Taylor came into the kitchen just about the time I got through fixing breakfast. The smell of bacon frying must have woke him up, like it used to on school mornings. He was rubbing his eyes all sleepy-like, looking the world like a little boy. I see that he looks a little better this morning, too.
“Good morning, Aunt Della.” He smiled sleepily at me, giving me a hug and a kiss on the cheek. He’s the sweetest thing in the whole world; I can’t understand why some folks never have liked him. Lord, he sure does need a haircut, though. Maybe he’ll go with us this morning and get it cut. No, guess he couldn’t do that, not with Donnette there. She’s never got over what happened, blaming and talking awful about Taylor, though everyone else knows he didn’t go to hurt Tim.
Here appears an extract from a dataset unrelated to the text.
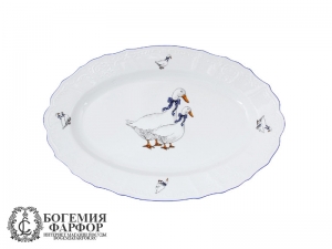 Блюдо овальное Бернадотт изготовлено из белого фарфора чешской компанией Thun 1794. Данный предмет из серии Bernadotte, выполнен в декоре Гуси. Край борта украшен синей обводкой.

Looks like she’d have sense enough to realize that if it hadn’t happened like it did, Tim wouldn’t be with her now. Probably wouldn’t have married her either, once he got away from here and had lots more choices. Well. All that’s in the past now.
“I’m so glad you’re up early, honey,” I said to Taylor instead of bringing up the subject of the haircut. “We got a busy day today.” I put the bacon and eggs on the table and sat down.
“What time’s Miss Maudie’s funeral?” Taylor yawned and stretched. I’d have to get him to put something on besides his undershorts before Frances Martha got here. It would embarrass her to death, him being half-naked.
“It’s at two.” I started in on my eggs since I had to hurry. “Honey, you remember Maudie’s great-niece Sarah Jean?”
Taylor thought for a minute as he chewed on a piece of bacon. I always get the thick-sliced kind when he’s home.
“Yes, ma’am, I believe I do now. She teaches at Florida State, doesn’t she? Good-looking for an old lady—great legs.”